E in un attimo ripercorro tutto il pomeriggio e mi accorgo che l'ultima volta che ho preso in mano il telefonino è stato con Massimiliano quando... quando ho segnato il suo numero! E" vero! Ce l'avevo solo lì. E ora? Come faccio ora? Non ho più il suo numero. Non lo posso chiamare. E vedo come al rallenty quella scena. Lui che sorride... "Non lo voglio il tuo... ti cercherei sempre... Chiamami tu quando vorrai ridere di nuovo come oggi." E chiudo gli occhi. Non riderò più. Non posso ridere. E soprattutto... non posso chiamarlo! E un attimo dopo rivedo la scena. Io che mi metto il cellulare nella tasca dei jeans come sempre e salgo sull'autobus e poi è come un dettaglio: la mano... Una mano che si infila nella mia tasca. E loro che mi spingono per scendere dall'autobus. Mi spingevano apposta! E poi i due ragazzi, i due stranieri, la porta dell'autobus che si chiude, il loro sguardo, le pacche sulla schiena di uno all'altro e quello che si gira e mi guarda e sorride.

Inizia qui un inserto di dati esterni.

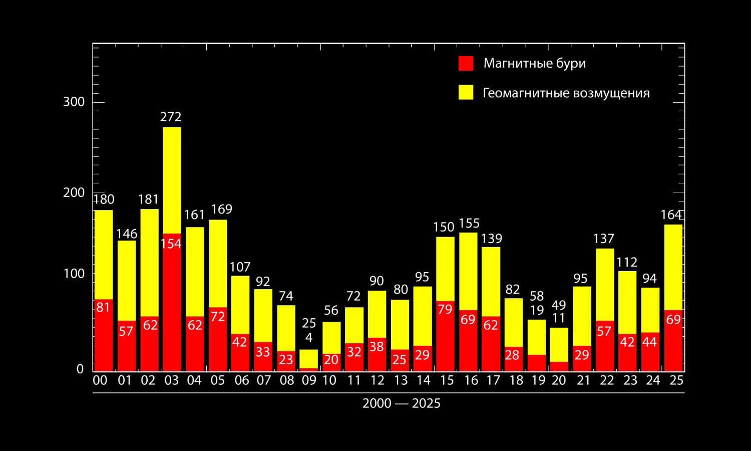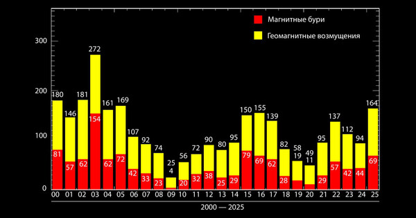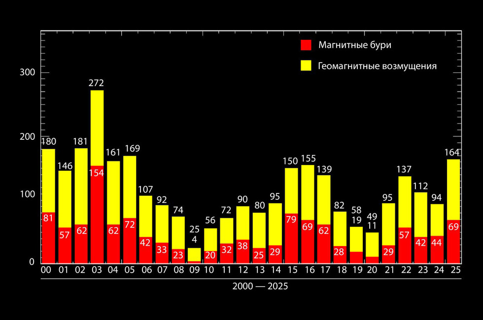 «Абсолютным рекордсменом XXI века является 2003 год, когда было зарегистрировано 272 геомагнитно-возмущенных дня из 365, в том числе 154 дня с магнитными бурями. А вот абсолютным минимумом XXI века является 2009 год. За 365 дней тогда было зарегистрировано только 4 магнитные бури», — заключили там.
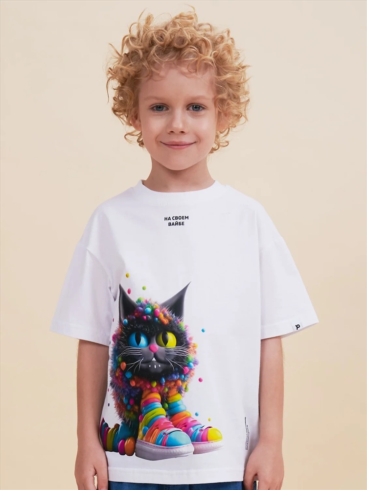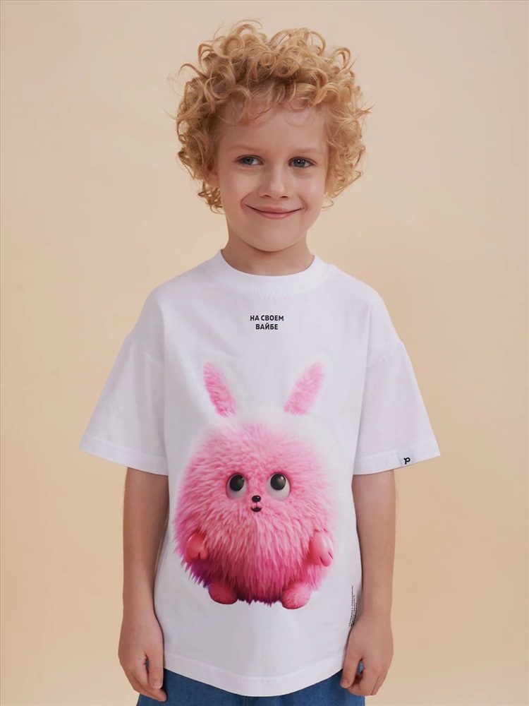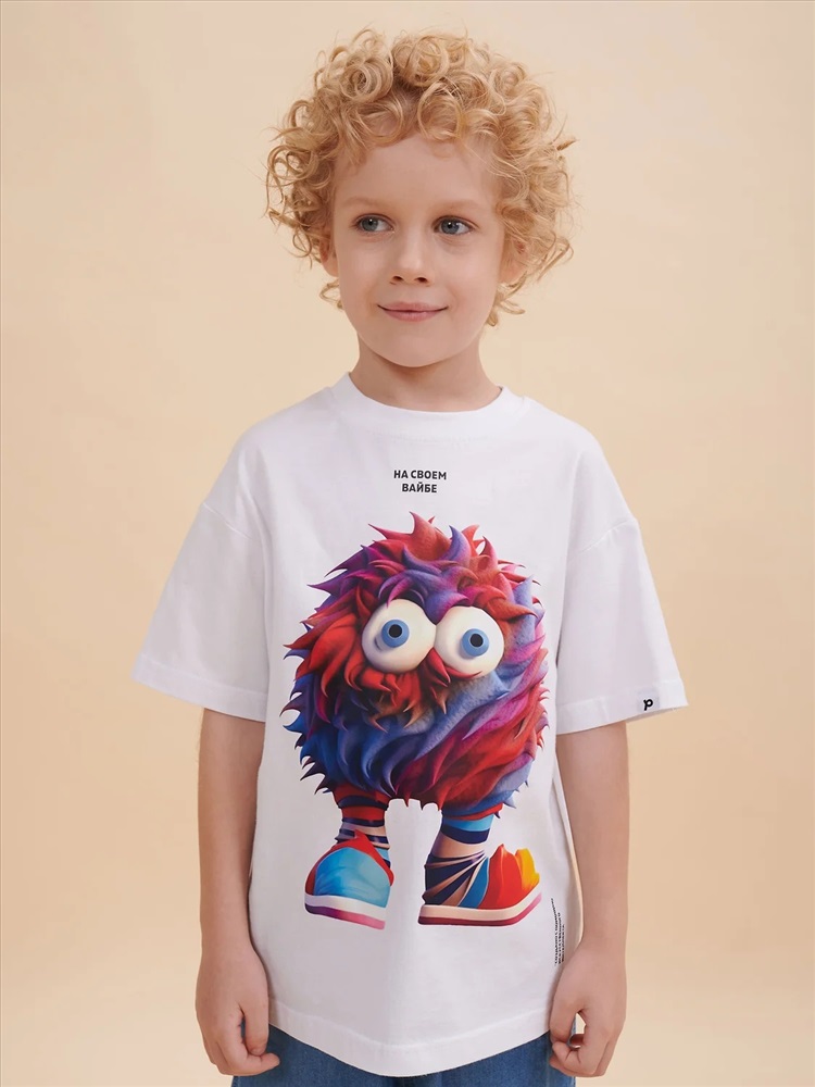 Детская футболка оверсайз. Комфортный джемпер свободного силуэта со спущенным плечом не будет стеснять движений ребёнка. Объёмная майка подарит ощущение комфорта и уюта. Вырез горловины отделан эластичной рибаной (ткань в рубчик) — она прекрасно держит форму, при этом ребёнку удобно надевать и снимать футболку. Модель неприхотлива в уходе. Главная фишка футболки — яркий стильный принт, изображающий персонажа, сгенерированного нейросетью (искусственным интеллектом). Это супермодный тренд! Футболка с прикольным принтом по переду выполнена из 100% высококачественного хлопка — изделие мягкое и воздухопроницаемое, что позволяет коже ребёнка свободно дышать. Принт эластичный и стойкий — без проблем переносит многочисленные стирки, не теряя своей яркости. На принте изображён забавный пушистый чудик розового цвета + надписи "на своём вайбе" и "создано с помощью искусственного интеллекта". Футболка оверсайз белая универсальна, подходит и для девочек, и для мальчиков. Как для малышей дошкольного и младшего школьного возраста, так и для подростков. Модель идеальна для детского сада, спорта, прогулок, отдыха, а также в качестве домашней одежды. В линейке представлены следующие размеры: 1 (86): 2 (92): 3 (98): 4 (104): 5 (110): 6 (116): 7 (122): 8 (128): 9 (134): 10 (140): 11 (146). Белые футболки подходят для носки летом, осенью и весной (демисезон), зимой в качестве среднего слоя одежды. Легко сочетается с различными брюками, джинсами, юбками, легинсами и шортами. Футболка с принтом оверсайз — стильный и красивый подарок сыну, дочери, внуку или внучке на любой праздник. Выбирайте нужный размер по таблице размеров на фото. Цвет товара на экране вашего устройства может отличаться от цвета изделия вживую.
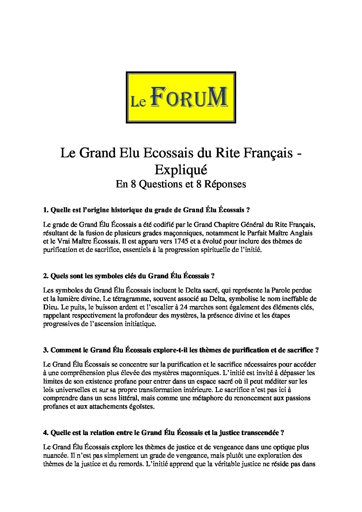 Ce Travail sur – Le Grand Elu Ecossais du Rite Français – Expliqué : En 8 Questions et 8 Réponses – Comporte 653 mots et s’expose en 5 minutes avec une lecture Réaliste.
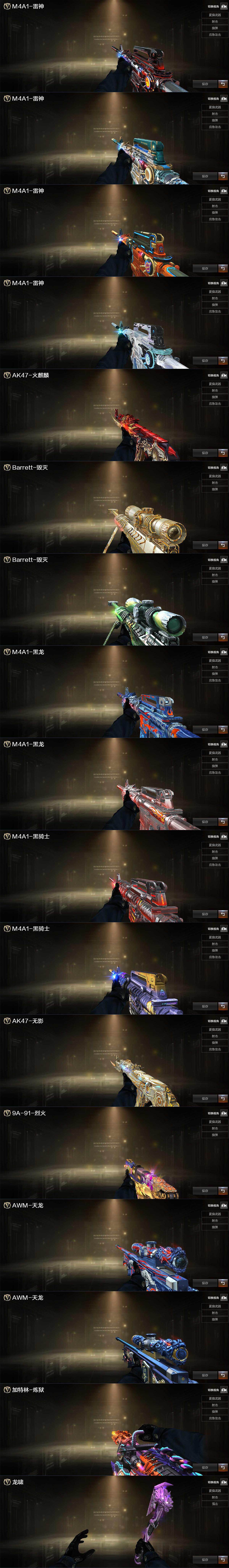 【热门武器】:QBZ03-金色蔷薇,M200-幻神,金色蔷薇-古蛇迷踪,修罗-古蛇迷踪,M4A1-黑骑士,汤姆逊-烈龙*6,加特林-炼狱,羊驼玩偶,沙鹰-修罗

"Cazzo! Ce l'ha lui il mio telefonino!"

"Carolina!"

Mamma rimane a bocca aperta.

Papà riposa la forchetta.

"Brava, brava, hai visto? Che ti avevo detto? Continua così e vedrai come verranno su i tuoi figli. E poi ti sorprendi, quando al Tg danno quelle notizie dei figli che uccidono i genitori. Di cosa ti sorprendi eh? Di cosa?"

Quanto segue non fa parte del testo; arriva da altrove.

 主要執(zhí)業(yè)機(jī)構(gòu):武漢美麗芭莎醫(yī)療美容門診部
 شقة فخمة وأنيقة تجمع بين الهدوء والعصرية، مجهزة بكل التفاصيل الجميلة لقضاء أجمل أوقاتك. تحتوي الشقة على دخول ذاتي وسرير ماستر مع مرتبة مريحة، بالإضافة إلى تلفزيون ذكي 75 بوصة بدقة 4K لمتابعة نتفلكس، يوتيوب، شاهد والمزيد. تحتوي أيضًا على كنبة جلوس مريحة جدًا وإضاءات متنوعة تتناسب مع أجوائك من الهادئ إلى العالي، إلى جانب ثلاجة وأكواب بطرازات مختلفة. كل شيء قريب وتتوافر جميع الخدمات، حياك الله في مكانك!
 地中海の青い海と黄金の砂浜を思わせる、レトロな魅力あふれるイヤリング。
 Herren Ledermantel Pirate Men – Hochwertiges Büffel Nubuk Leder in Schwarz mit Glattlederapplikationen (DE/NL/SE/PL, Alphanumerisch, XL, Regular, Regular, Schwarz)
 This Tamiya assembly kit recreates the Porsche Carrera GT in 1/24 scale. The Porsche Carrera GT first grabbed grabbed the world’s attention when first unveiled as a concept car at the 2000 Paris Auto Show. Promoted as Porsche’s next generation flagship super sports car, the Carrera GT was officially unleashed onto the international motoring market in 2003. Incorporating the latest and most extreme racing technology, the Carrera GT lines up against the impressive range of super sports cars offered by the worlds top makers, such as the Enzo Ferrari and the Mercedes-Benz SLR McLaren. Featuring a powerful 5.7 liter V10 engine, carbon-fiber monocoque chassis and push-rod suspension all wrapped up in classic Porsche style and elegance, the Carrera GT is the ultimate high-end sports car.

Non aspetto altro. Non ne posso più. Mi alzo e vado verso camera mia.

"Dove vai tu? Eh? Dove vai?"

"Hai ragione papà." Torno e mi siedo. "Posso andare in camera mia?"

"Dopo che avrai mangiato."

Inizio a mangiare un boccone dopo l'altro.

"E mangia piano. Piano, devi mangiare piano."

E Alessandra naturalmente si intromette. "Prima digestio fit in

ore."

La guardo male. Ma invece lei sorride. Spiritosa. Mi hanno dato una nemica, non una sorella. Ma perché è così stronza? Che poi sondo me non sa neanche che cosa vuoi dire quella frase. Che la digestione ci mette un'ora!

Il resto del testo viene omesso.